Acompáñeme a ver esta triste historia: en 2017, un usuario anónimo en el foro 4chan llamado “Q” publicó el primer post de lo que se conocería como la teoría de conspiración QAnon.

En resumidas cuentas, QAnon (promovido en Venezuela por personalidades de Twitter como Erik Del Búfalo y María Elisa Smith, la hermana de la cantante) habla de una supuesta conspiración de un supuesto «Estado Profundo» que planea derrocar a Donald Trump, una suerte de salvador en estos mitos.

El «Estado Profundo» estaría relacionado a una red de pedofilia internacional satánica liderada por Hollywood, el Partido Demócrata y George Soros (el pánico judío de la ultraderecha).

La épica culminará con una gran tormenta, cuando Trump y el ejército apliquen ley marcial, retomen Estados Unidos y destruyan al «Cabal» pedófilo.

A pesar de haber sido desmentida mil y un veces –y de no tener bases, evidencia ni apoyo directo de Trump y los dirigentes republicanos– la teoría se popularizó en ciertos sectores de extrema derecha en Estados Unidos hasta volverse una comunidad.

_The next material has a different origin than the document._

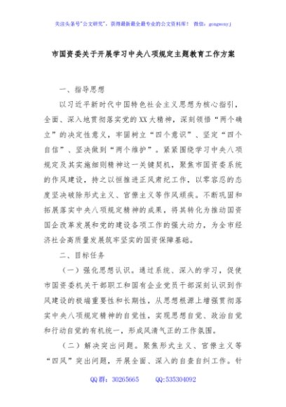 / 市国资委关于开展学习中央八项规定主题教育工作方案

Esta comunidad, que el periodista americano Isaac Stanley-Becker llamó un “culto de conspiración depravado”, ha sido analizada por estudiosos de la religión por su vocabulario y conceptos milenaristas y apocalípticos: así, como cristianos de la antigüedad. Por algo ha resonado tanto en las comunidades evangélicas y ha prosperado en un tiempo donde, como bien describe la escritora Anne Applebaum, muchos oficiales de la administración Trump se ven en una misión bíblica por salvar al Estados Unidos evangélico y blanco de las amenazas de la cultura laica y sus inmigrantes mexicanos, del matrimonio gay y del feminismo.

La sensación paranoica de amenaza y la necesidad de un salvador, ha replicado estas teorías (como probablemente en ningún lado fuera de Estados Unidos) en las audiencias venezolanas: justificadamente desesperadas, agotadas y radicalizadas tras veinte años de atropellos chavistas.

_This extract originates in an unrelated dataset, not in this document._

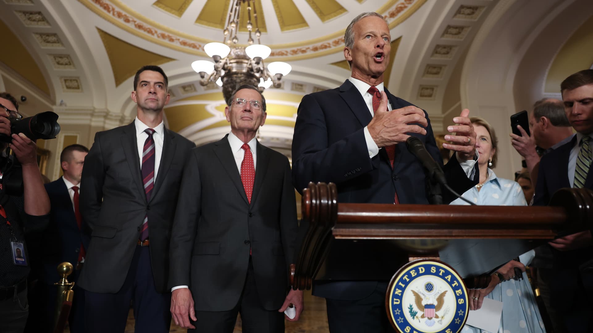Senate Majority Leader John Thune (R-SD) speaks to reporters at Capitol Hill on June 24, 2025 in Washington.

Las teorías de conspiración de QAnon (y otras creadas por la pandemia) han caído en Venezuela como anillo al dedo: tanto por la reciente popularidad del trumpismo entre muchos venezolanos de clase media debido a las sanciones y la promesa de una intervención (haciendo de Trump un salvador) como por la necesidad de racionalizar el caos de la pandemia y del 2020: de creer que hay alguien intencionalmente detrás de todo este colapso inaudito y no que somos una civilización frágil a la deriva entre la recesión, el zaperoco social y el virus de Wuhan; que no somos invencibles.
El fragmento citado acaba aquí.